- INFORMATION GIVEN:
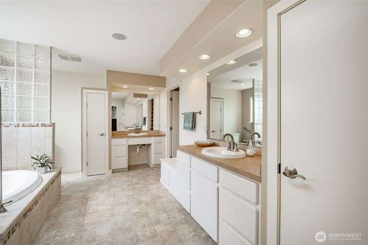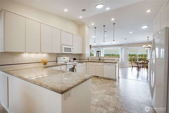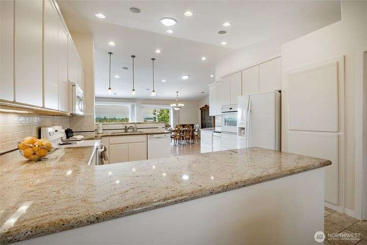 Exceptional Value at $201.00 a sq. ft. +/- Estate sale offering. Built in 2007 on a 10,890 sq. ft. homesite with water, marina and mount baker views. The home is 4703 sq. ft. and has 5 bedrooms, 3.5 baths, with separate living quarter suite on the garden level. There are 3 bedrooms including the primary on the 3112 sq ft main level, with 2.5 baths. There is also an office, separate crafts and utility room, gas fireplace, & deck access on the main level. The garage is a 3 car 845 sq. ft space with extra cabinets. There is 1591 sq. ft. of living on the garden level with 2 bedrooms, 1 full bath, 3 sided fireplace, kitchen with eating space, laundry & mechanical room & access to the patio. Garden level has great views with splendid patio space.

==

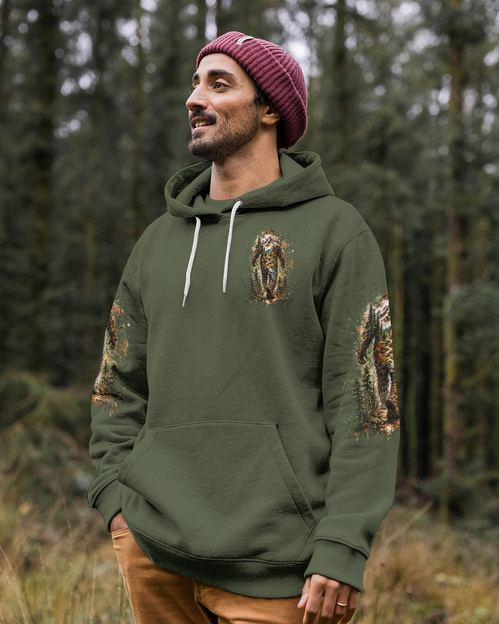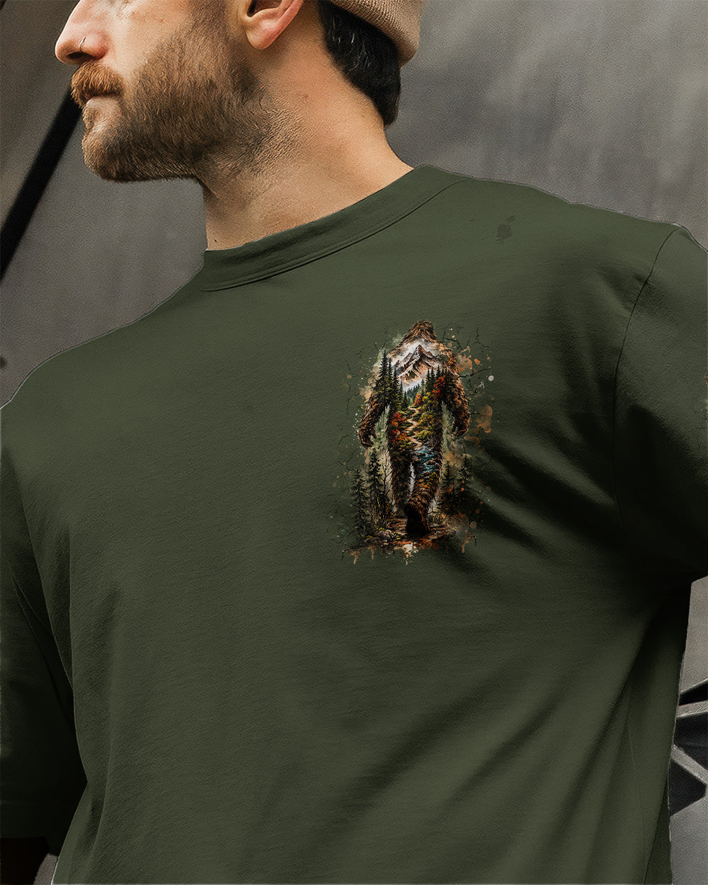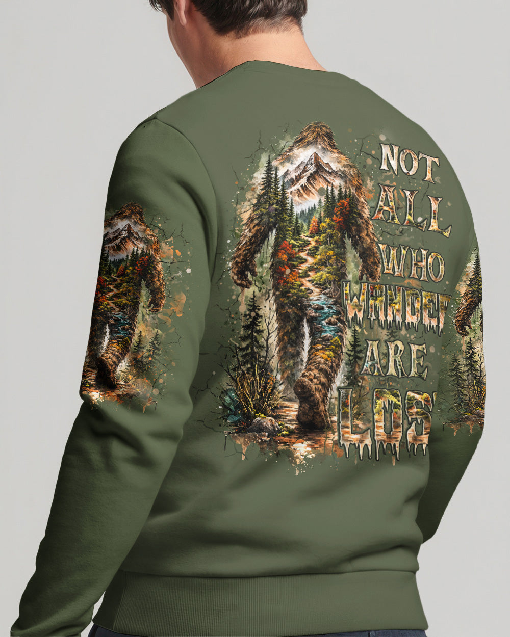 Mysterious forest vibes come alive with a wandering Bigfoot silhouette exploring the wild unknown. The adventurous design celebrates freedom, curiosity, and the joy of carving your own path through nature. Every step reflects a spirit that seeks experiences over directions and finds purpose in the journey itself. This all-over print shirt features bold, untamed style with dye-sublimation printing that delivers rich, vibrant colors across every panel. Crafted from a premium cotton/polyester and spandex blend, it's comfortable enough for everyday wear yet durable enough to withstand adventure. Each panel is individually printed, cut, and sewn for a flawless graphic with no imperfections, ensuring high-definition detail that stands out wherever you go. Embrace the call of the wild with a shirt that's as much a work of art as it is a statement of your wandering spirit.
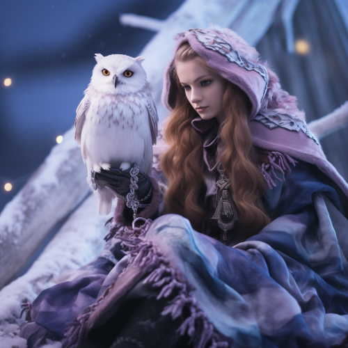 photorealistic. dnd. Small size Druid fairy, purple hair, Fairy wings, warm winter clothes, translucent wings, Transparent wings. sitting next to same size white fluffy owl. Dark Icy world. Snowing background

...

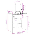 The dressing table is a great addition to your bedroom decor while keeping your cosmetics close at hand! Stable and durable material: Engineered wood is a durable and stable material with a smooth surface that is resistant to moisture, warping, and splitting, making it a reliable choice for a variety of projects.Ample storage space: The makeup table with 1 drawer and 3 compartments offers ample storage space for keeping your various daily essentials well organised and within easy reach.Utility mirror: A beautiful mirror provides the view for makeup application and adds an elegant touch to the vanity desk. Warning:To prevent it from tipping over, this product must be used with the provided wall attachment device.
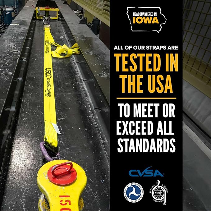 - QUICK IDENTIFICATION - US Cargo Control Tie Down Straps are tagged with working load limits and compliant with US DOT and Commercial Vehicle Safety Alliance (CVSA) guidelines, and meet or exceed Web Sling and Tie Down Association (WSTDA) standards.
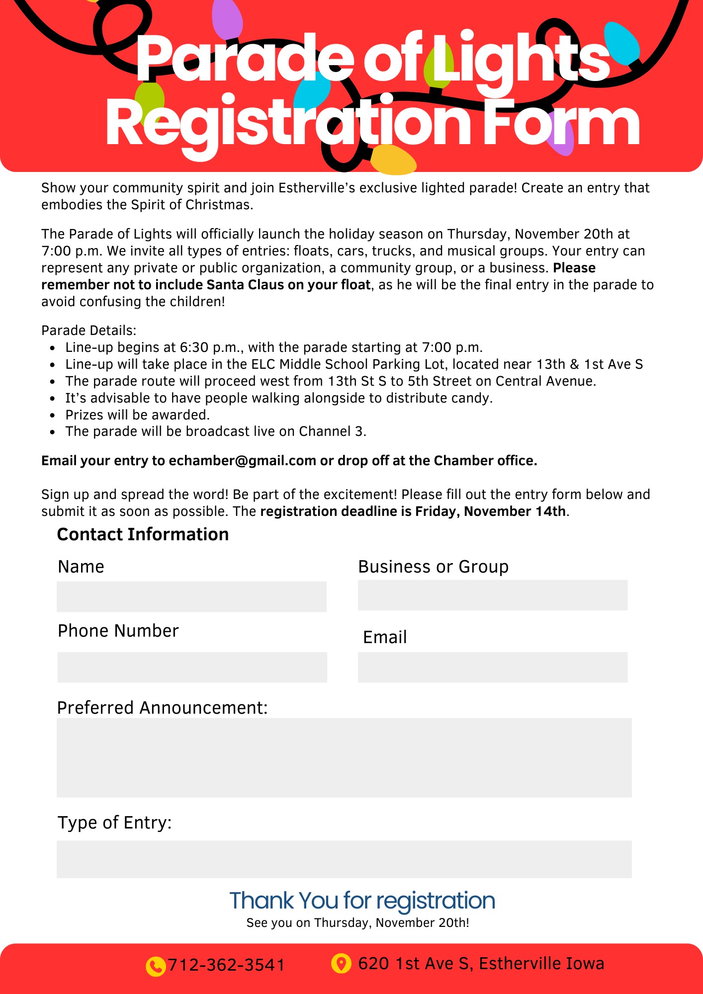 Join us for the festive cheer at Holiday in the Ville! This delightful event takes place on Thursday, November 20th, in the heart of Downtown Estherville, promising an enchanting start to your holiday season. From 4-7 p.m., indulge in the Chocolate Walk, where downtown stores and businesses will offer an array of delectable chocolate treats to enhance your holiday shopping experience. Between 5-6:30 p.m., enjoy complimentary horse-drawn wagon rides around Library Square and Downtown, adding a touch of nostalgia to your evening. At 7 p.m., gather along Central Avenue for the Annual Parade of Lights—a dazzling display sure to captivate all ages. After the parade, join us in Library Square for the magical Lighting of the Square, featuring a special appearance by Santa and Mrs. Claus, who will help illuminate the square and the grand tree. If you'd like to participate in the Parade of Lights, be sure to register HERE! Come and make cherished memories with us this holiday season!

- WORK TO BE COMPLETED:
Look above for the line with "- QUICK IDENTIFICATION" and the line with "Join us for"; set down those two lines and all lines between them exactly, without pictures and without anything else.

- TASK SOLUTION:
 - QUICK IDENTIFICATION - US Cargo Control Tie Down Straps are tagged with working load limits and compliant with US DOT and Commercial Vehicle Safety Alliance (CVSA) guidelines, and meet or exceed Web Sling and Tie Down Association (WSTDA) standards.
 Join us for the festive cheer at Holiday in the Ville! This delightful event takes place on Thursday, November 20th, in the heart of Downtown Estherville, promising an enchanting start to your holiday season. From 4-7 p.m., indulge in the Chocolate Walk, where downtown stores and businesses will offer an array of delectable chocolate treats to enhance your holiday shopping experience. Between 5-6:30 p.m., enjoy complimentary horse-drawn wagon rides around Library Square and Downtown, adding a touch of nostalgia to your evening. At 7 p.m., gather along Central Avenue for the Annual Parade of Lights—a dazzling display sure to captivate all ages. After the parade, join us in Library Square for the magical Lighting of the Square, featuring a special appearance by Santa and Mrs. Claus, who will help illuminate the square and the grand tree. If you'd like to participate in the Parade of Lights, be sure to register HERE! Come and make cherished memories with us this holiday season!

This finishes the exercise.